Jack Horrall hosted an acquittal bash at Kwan’s Chinese Pagoda. It celebrated Bill Parker’s and Elmer Jackson’s bold move to squelch the Fed probe. The PD and City Hall crowd showed up in force. The acquittals formally justified the soirée. I held it to be a wrap party for the span of events preannounced by a New Year’s Eve rainstorm. The gang was there. We were there. Comrades and adversaries crammed into Ace Kwan’s back room. Bill, Elmer, Buzz, Brenda. Thad Brown and Nort Layman. Mike Breuning and Dick Carlisle. Ray Pinker, Fletch Bowron, my beleaguered Lee Blanchard. DA Bill McPherson, with Loretta McKee in tow. Reconciliation overwhelmed rancor. Something big had ended as the war progressed. I chatted with Mike Breuning. He said, “ Whew, Kay.” I said, “ Whew, Mike” right back. Our conversation fizzled then. There was no need to say anything else.

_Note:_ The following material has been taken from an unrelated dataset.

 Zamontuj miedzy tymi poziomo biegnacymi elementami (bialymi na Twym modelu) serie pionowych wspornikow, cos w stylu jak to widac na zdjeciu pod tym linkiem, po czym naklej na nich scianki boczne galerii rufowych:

We were there. Provocateurs and profiteers. Bill Parker danced and drank with Claire De Haven. They argued the Baltimore catechism and defamed my most revered Martin Luther. Then something extraordinary happened.

Jack Horrall gave a speech. He blew raspberries at the Feds and crowed over the mass acquittals. He praised the diligent detectives who solved the klub haus job and notably omitted Dudley Smith. He broke down and wept as he lionized the “late and surely great” Hideo Ashida.

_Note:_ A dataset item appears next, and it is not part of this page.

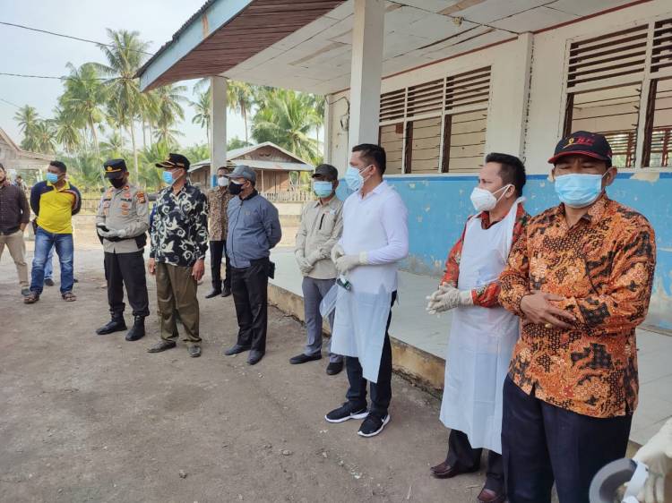 KEPULAUAN MERANTI, datariau.com - Bupati Meranti H Muhammad Adil SH Kunjungi dua Desa yang di Lockdown saat ini Desa Teluk Buntal dan Desa Tanjung Gadai Kecamatan Tebingtinggi Timur yang hari ini mengalami kenaikan kasus Covid-19 serta memberikan bantuan Sembako pada Pasien, Kamis (29/07/2021).

Elmer married Ruth Szigeti two weeks later. There had to be a hidden story there — but Elmer refused to divulge it. The Protestant service dismayed Ruth. The wedding party vacated the church and reconvened in Mike Lyman’s front room. Fake gold bars served as dinner-table settings. The Reverend M. L. Mimms supplied them.

Buzz brought his pet scorpion. He slid steak tidbits into his cage and dared people to stick a finger in and pet him. The acquittal-bash crowd celebrated the Jackson-Szigeti nuptials. Otto Klemperer and Joan Klein joined us, along with the Koenigs and Sandor Abromowitz. Barbara Stanwyck and Robert Taylor dropped by and heckled Ruth. We’ve lost you to a cop bumpkin. Say it ain’t so. You’ve lost nothing, Liebchens. My husband understands me as I understand him.